▶ [About this task]
Output every record verbatim, and omit each picture.

▶ [Input for this task]
┄┄┄┄┄┄
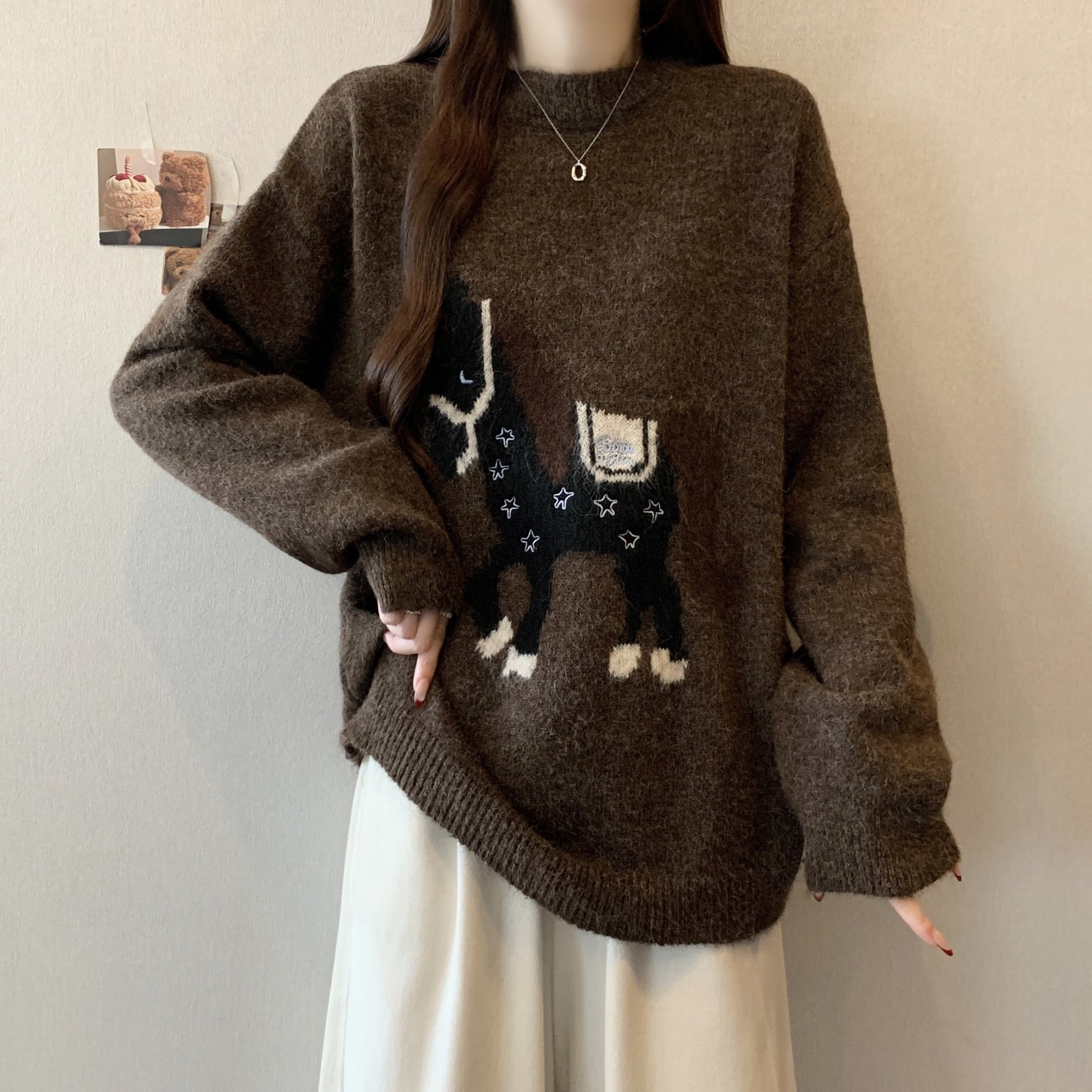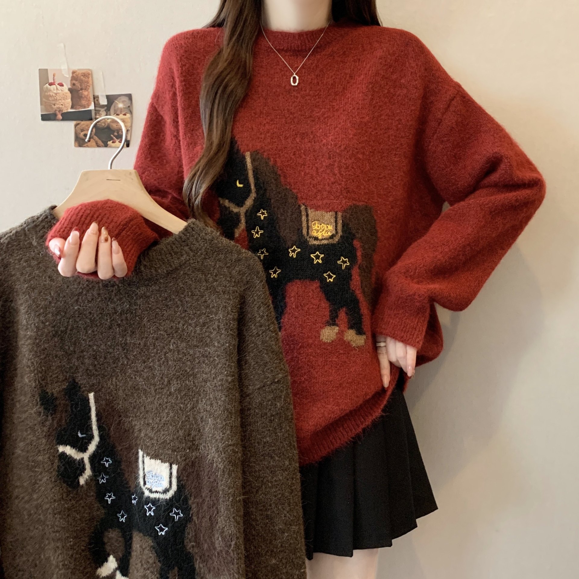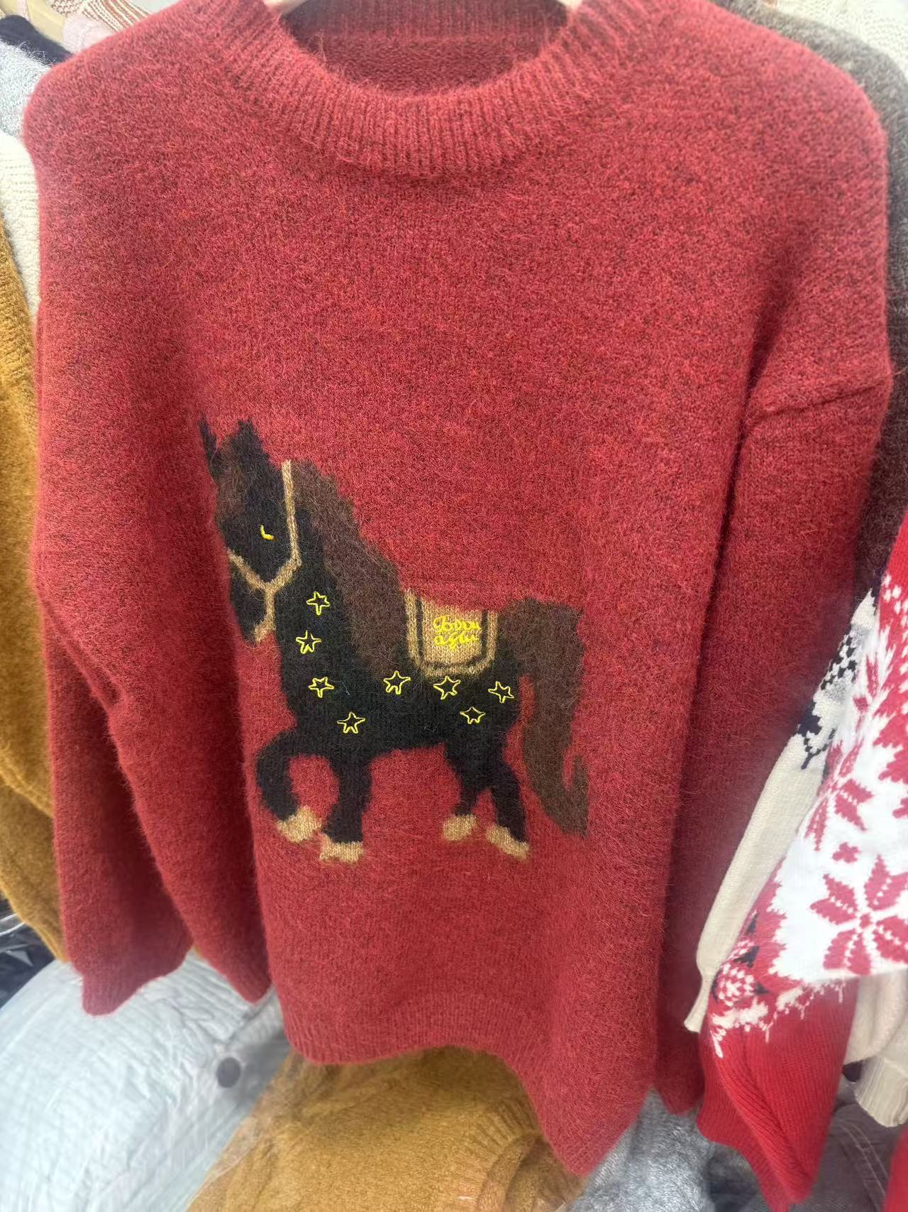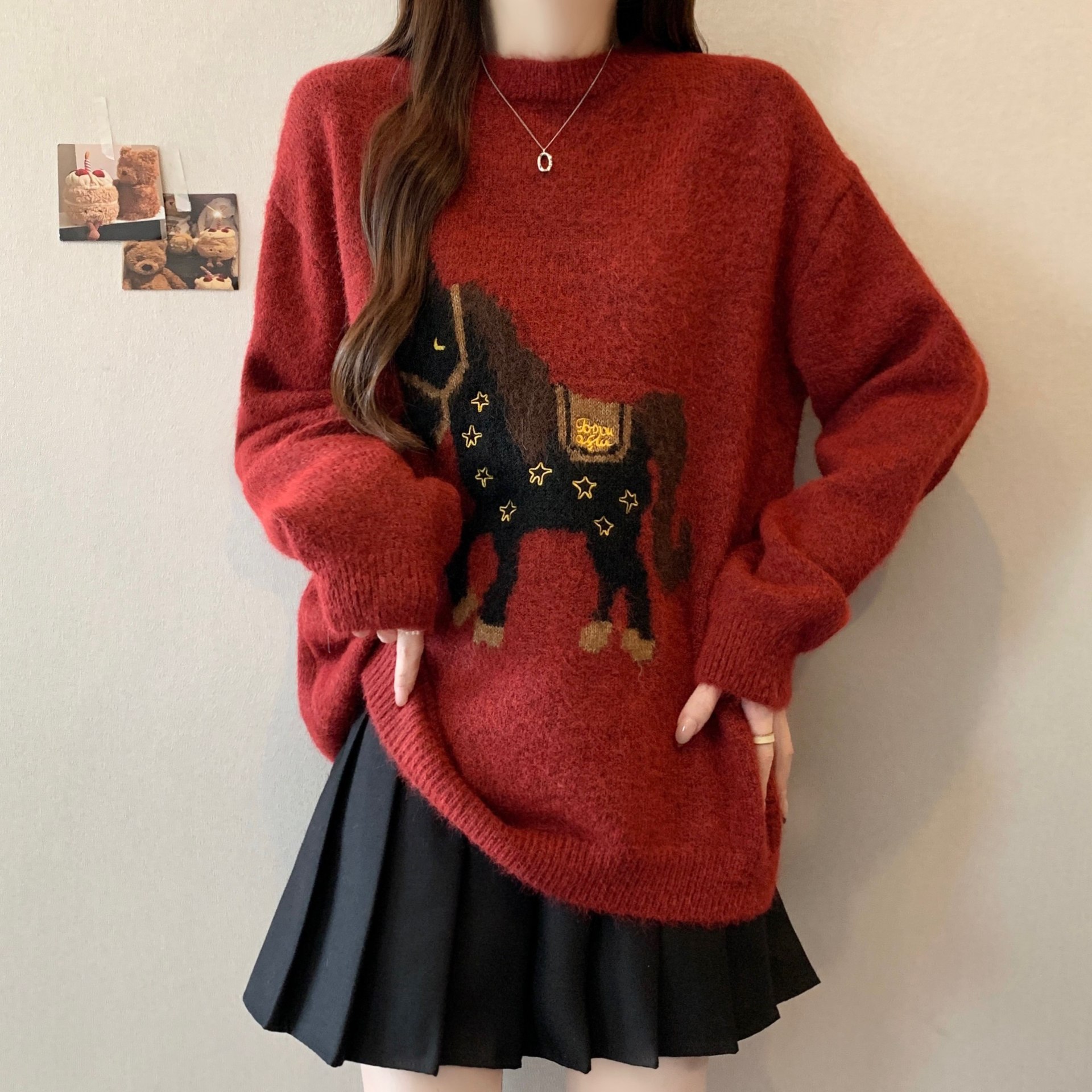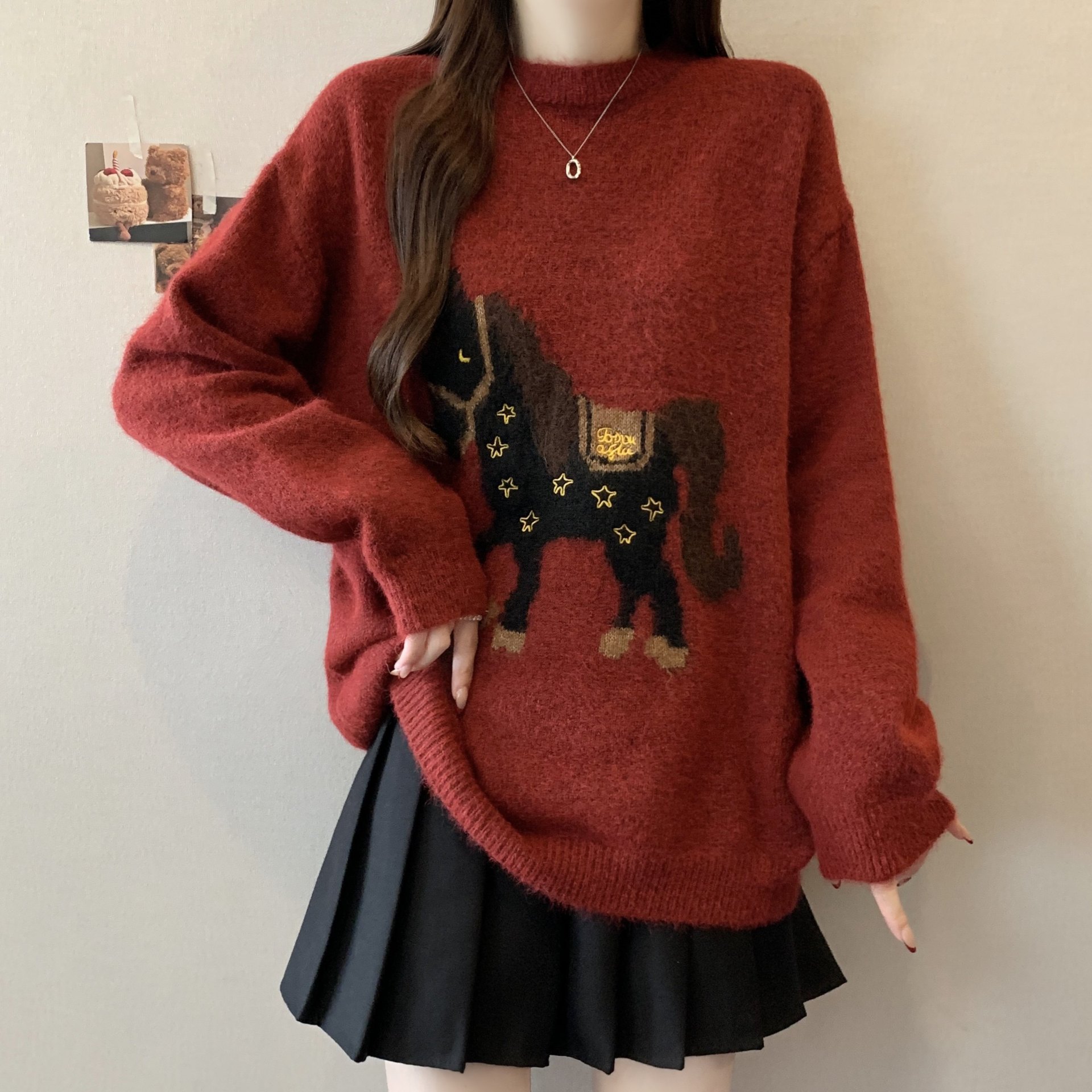 0 Review for Laid-back Youth-boosting Super-cute New Year RedJacquard Sweater
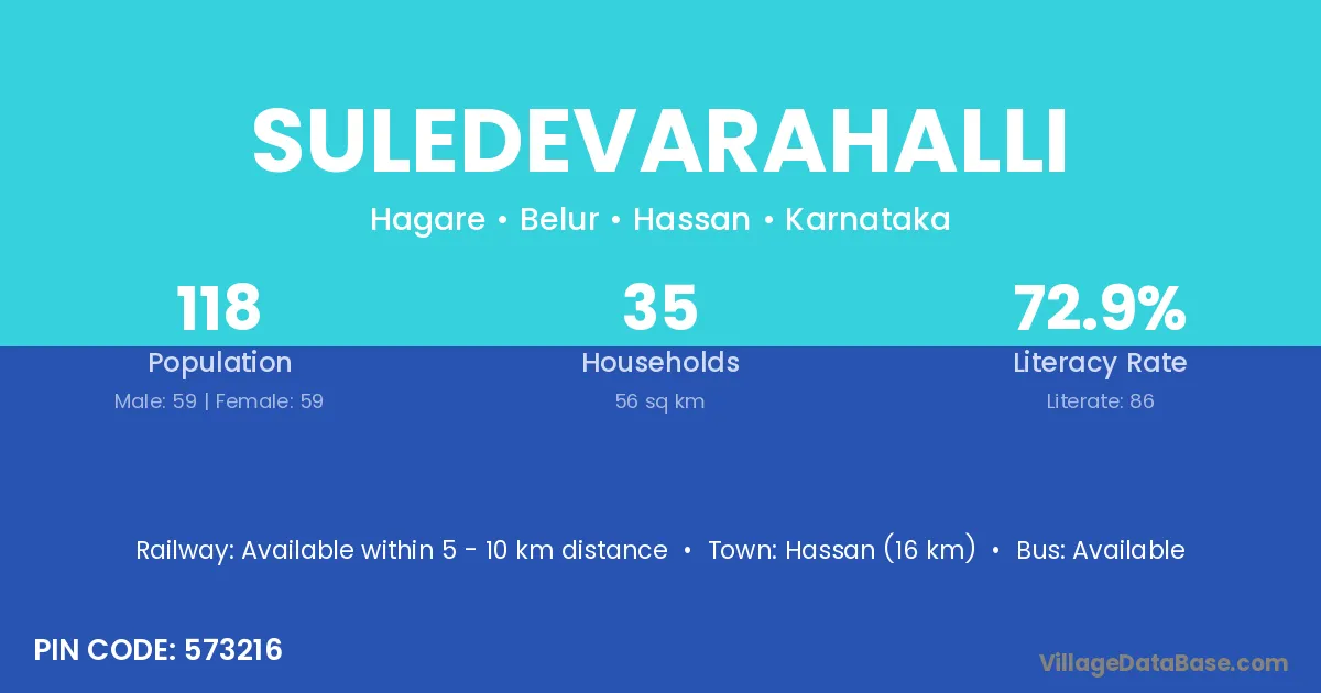 Hassan (16 km) is the nearest town to Suledevarahalli village for major economic activities and is located approximately 16 km away.
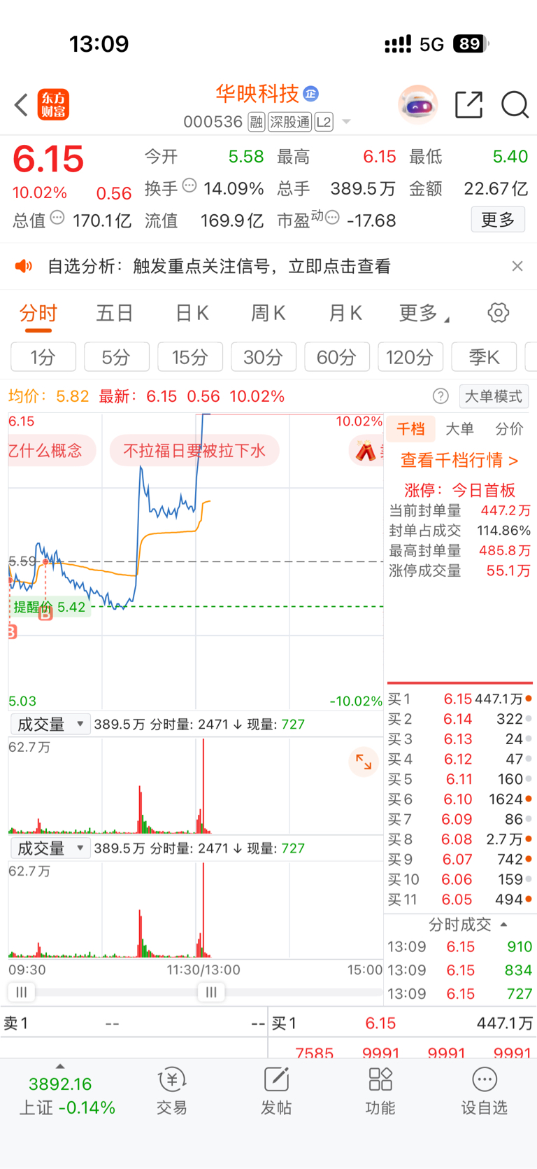 $华映科技(SZ000536)$ 下面5.35还有一笔没买到
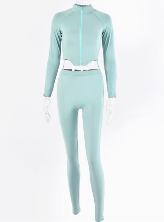 Conjunto de chándal original con sudadera corta en forma de top sexy con cremallera y cuello alto.
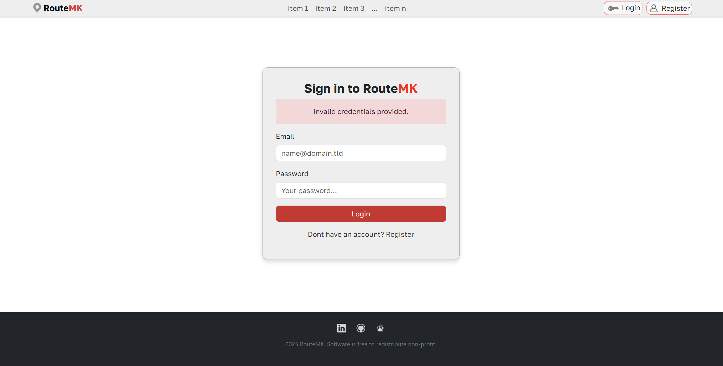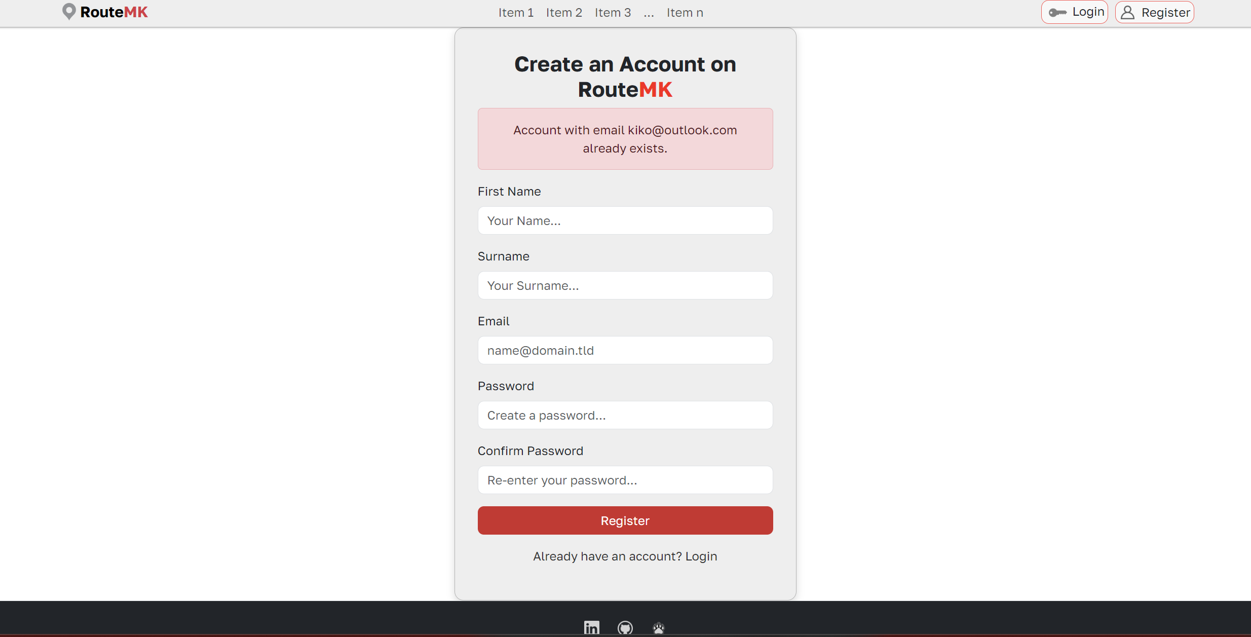 Result of /register with error
┄┄┄┄┄┄
▶ [Reply]
 0 Review for Laid-back Youth-boosting Super-cute New Year RedJacquard Sweater
 Hassan (16 km) is the nearest town to Suledevarahalli village for major economic activities and is located approximately 16 km away.
 $华映科技(SZ000536)$ 下面5.35还有一笔没买到
 Conjunto de chándal original con sudadera corta en forma de top sexy con cremallera y cuello alto.
 Result of /register with error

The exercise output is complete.